Story is from National Geographic.Com
By Tom O’Neill
Photograph by Gianluca Colla
Published February 2012

Bianca Sforza attracted few stares when introduced to the art world on January 30, 1998. She was just a pretty face in a frame to the crowd at a Christie’s auction in New York City. Nobody knew her name at the time, or the name of the artist who had made the portrait. The catalog listed the work—a colored chalk-and-ink drawing on vellum—as early 19th century and German, with borrowed Renaissance styling. A New York dealer, Kate Ganz, purchased the picture for $21,850.

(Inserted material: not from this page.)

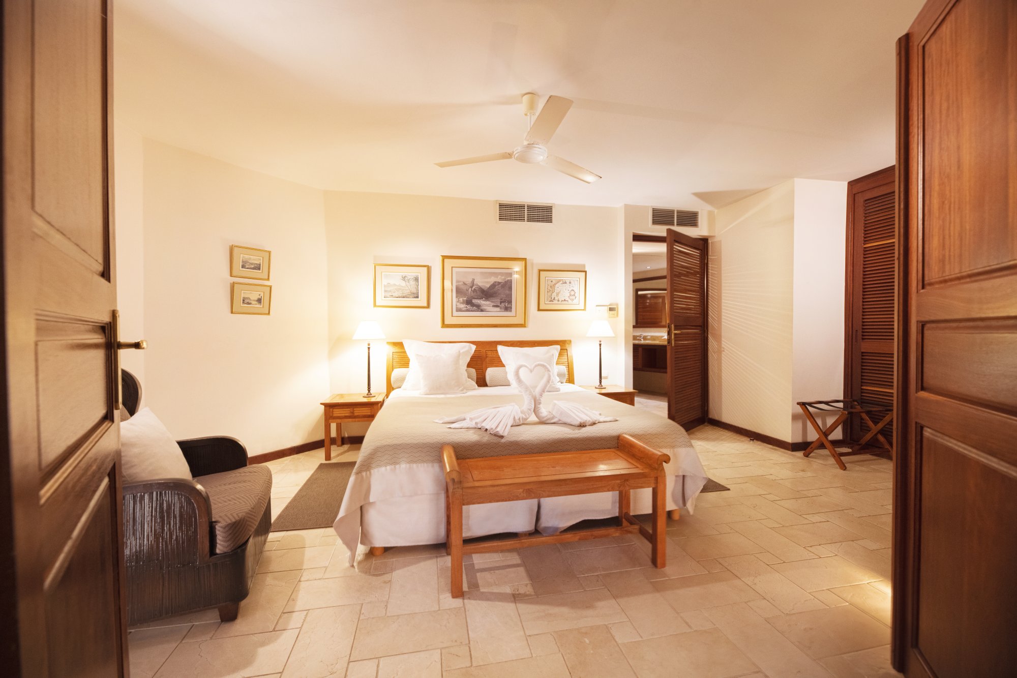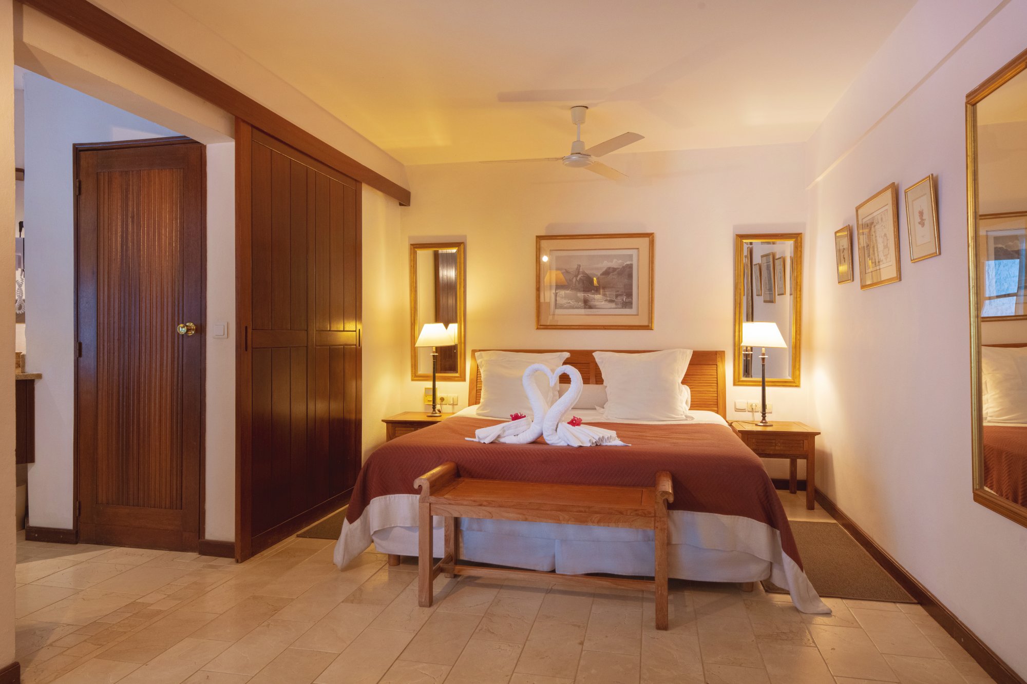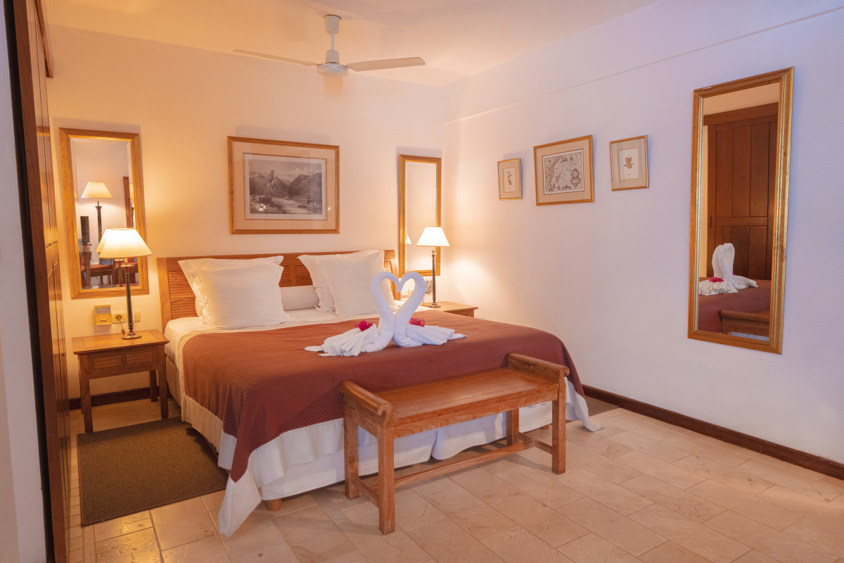 17 pokojů typu Deluxe o průměrné rozloze 42 m² je vybaveno postelí velikosti queen-size, kterou lze rozdělit na dvě samostatná lůžka...

The price hadn’t budged almost ten years later when a Canadian collector, Peter Silverman, saw Bianca’s profile in Ganz’s gallery and promptly bought it. The drawing might actually date from the Renaissance, he thought. Ganz herself had mentioned Leonardo da Vinci, that magical name, as an influence on the artist. Silverman came to wonder, What if this is the work of the great Leonardo himself?

That someone could walk into a gallery and buy a drawing that turns out to be a previously unknown Leonardo masterpiece, worth perhaps $100 million, seems pure urban myth. Discovery of a Leonardo is truly rare. At the time of Silverman’s purchase, it had been more than 75 years since the last authentication of one of the master’s paintings. There was no record that the creator of the “Mona Lisa” ever made a major work on vellum, no known copies, no preparatory drawings. If this image was an authentic Leonardo, where had it been hiding for 500 years?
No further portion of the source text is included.